I tested the bluetooth headset for a few weeks while working at Cruzio co-working space which is basically a large room with tables aligned next to each other and offers little privacy. To amp up my game, I sat at the coffee shop counter a couple of times where the noise level was much higher than in the main workroom. The perfect setting to try out a noise-canceling bluetooth headset.
This premium headset offers a boomless design, dual-paired Omni-directional microphones with enhanced digital signal processing, two levels of ANC and smart sensor technology. It features business-grade audio, passive and active noise cancellation (ANC) for maximum focus. And it’s worth mentioning that even though you probably won’t get complimented for the way it looks on, it is quite comfortable and didn’t heat up my ears as some others have.
My callers reported hearing me clearly, and the background noise around me was muted. I couldn’t hear the street noise either. The Active Noise Cancelling feature is designed to filter out low frequency, constant noises such as fans, AC Units or engines but it won’t completely block all sounds, and you most likely will hear individuals sitting close to you.
Watch the video to better understand how the Voyager 8200 UC is made for enterprise-grade audio.
Pairing with phone and laptop
Well, that’s a snap. Insert the plug, turn it on, check your audio settings and voila! You’re paired with your device.

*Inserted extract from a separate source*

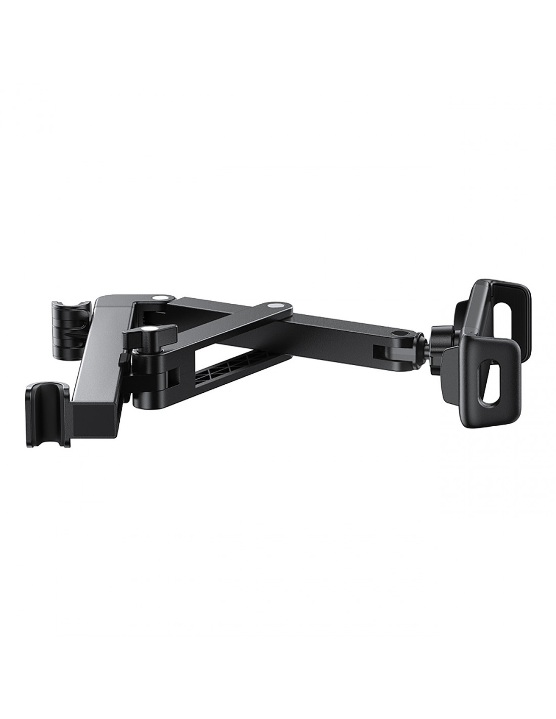 yra praktiškas ir tvirtas sprendimas keleiviams, norintiems naudotis telefonu ar planšetiniu kompiuteriu kelionės metu. Dvigubas vyris ir dviguba svirtis užtikrina išskirtinį stabilumą net ir nelygiuose keliuose. Sulankstomas ir ištraukiamas dizainas su fiksavimo rankenėle leidžia greitai pritaikyti nustatymus pagal savo poreikius. Dėl reguliuojamo atstumo tarp galvos atramos strypų laikiklis tinka daugumai automobilių modelių. Jis gali saugiai laikyti įrenginius nuo 4,7 iki 13 colių – nuo išmaniųjų telefonų iki didesnių planšetinių kompiuterių. Aukštos kokybės medžiagos, tokios kaip PC ir aliuminio lydinys, užtikrina patvarumą ir elegantišką dizainą, kuris papildo automobilio saloną.

To be honest, there’s nothing remarkable about the way VOYAGER 8200 looks, and the company seems to have chosen function over design. The earcups are labeled L and R for left and right which may seem overkilled but seriously, are a godsend. I’ve wasted way too much time on other headsets figuring out which earcup was right or left. I picked the black headset and the faux wood in the middle of the earcups blends in. On the lighter headset, it looks a bit corny but the overall look of the white headset is elegant.

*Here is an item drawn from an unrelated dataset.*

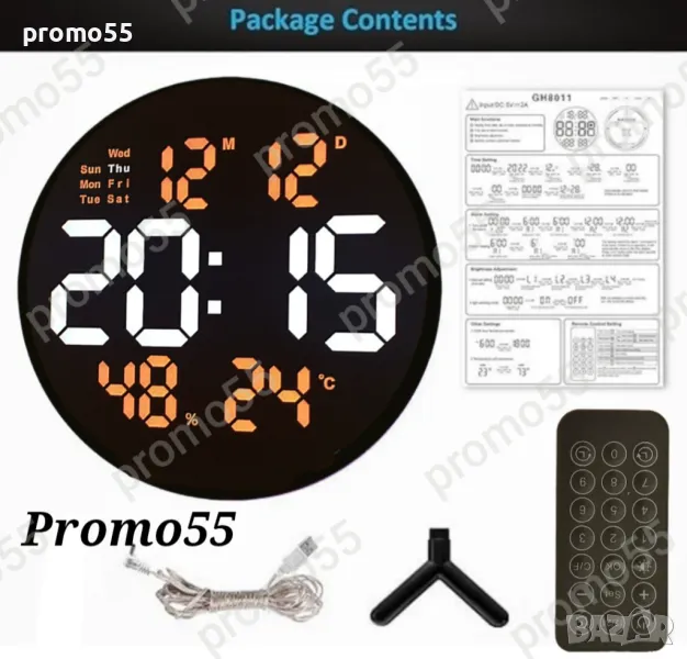 Този изключителен дигитален часовник не само показва точното време, но съчетава няколко функции, които го правят перфектен за декорацията на вашия дом или офис. Снабден с LED дисплей с висока разделителна способност, часовникът показва следните информации:

Expect 24-hours per charge which in my case means four days of listening to music, movies, and podcasting. Whenever you turn it on, you will notice that five blue dots light up to show you your battery life. If paying attention to blue dots isn’t your thing, a voice will inform you each time you turn it on. Plantronics’ material claims that it can hold a charge for several weeks even if you forget to turn it off. And if you run out of juice, plug the double-sided 3.5mm audio cord, which turns the headphone into standard headphones and requires no power needed.

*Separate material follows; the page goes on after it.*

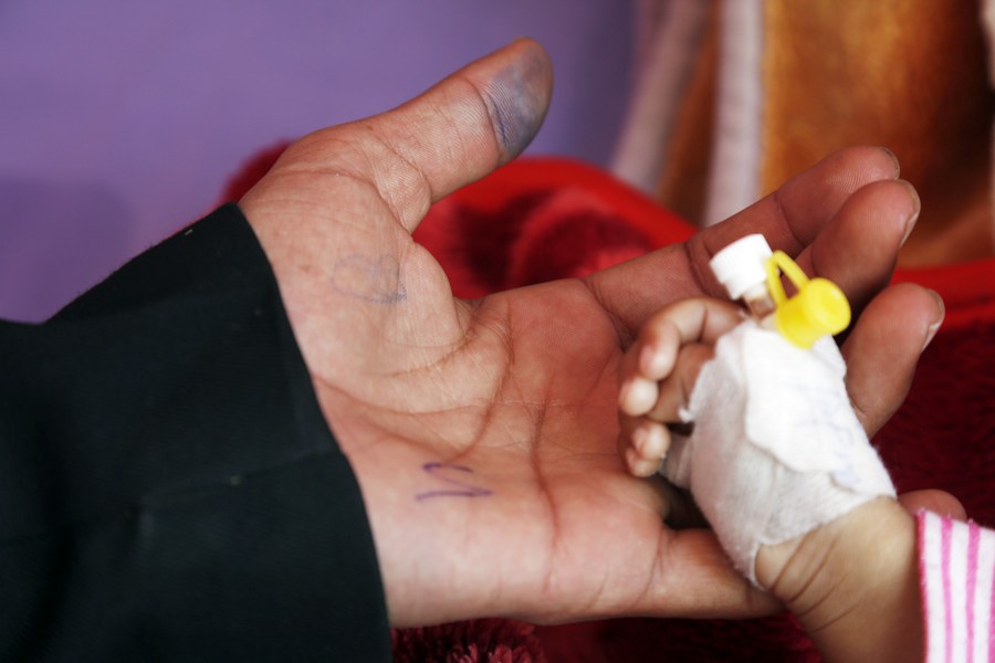 A Yemeni health worker holds the hand of a malnourished child at a hospital in Sanaa, Yemen, Feb. 27, 2023. (Photo by Mohammed Mohammed/Xinhua)
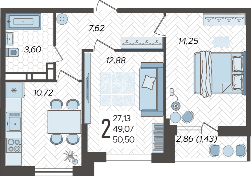 | Площадь, кв.м. | 50.5 |

The Voyager 8200’s soft fleece carrying pouch comes with two pockets, a large one to hold the headset and a smaller front pocket to carry the Micro USB charging cord and USB Bluetooth dongle for your PC or Mac.
The Voice warnings
Earlier I mentioned that there’s a voice that will alert you of your battery life status. It will also warn of a few other functions, such as whether you’re appropriately connected via Bluetooth to your PC or phone or when you toggle the noise-canceling settings, and also if your eardrums are about to burst from listening to your music on a super high volume. I would say all useful functions.
Another nice feature is a “hearing protection” which is described by the company “ it detects and eliminates any sudden large increase in signal level,” which are often startling and a cause for discomfort.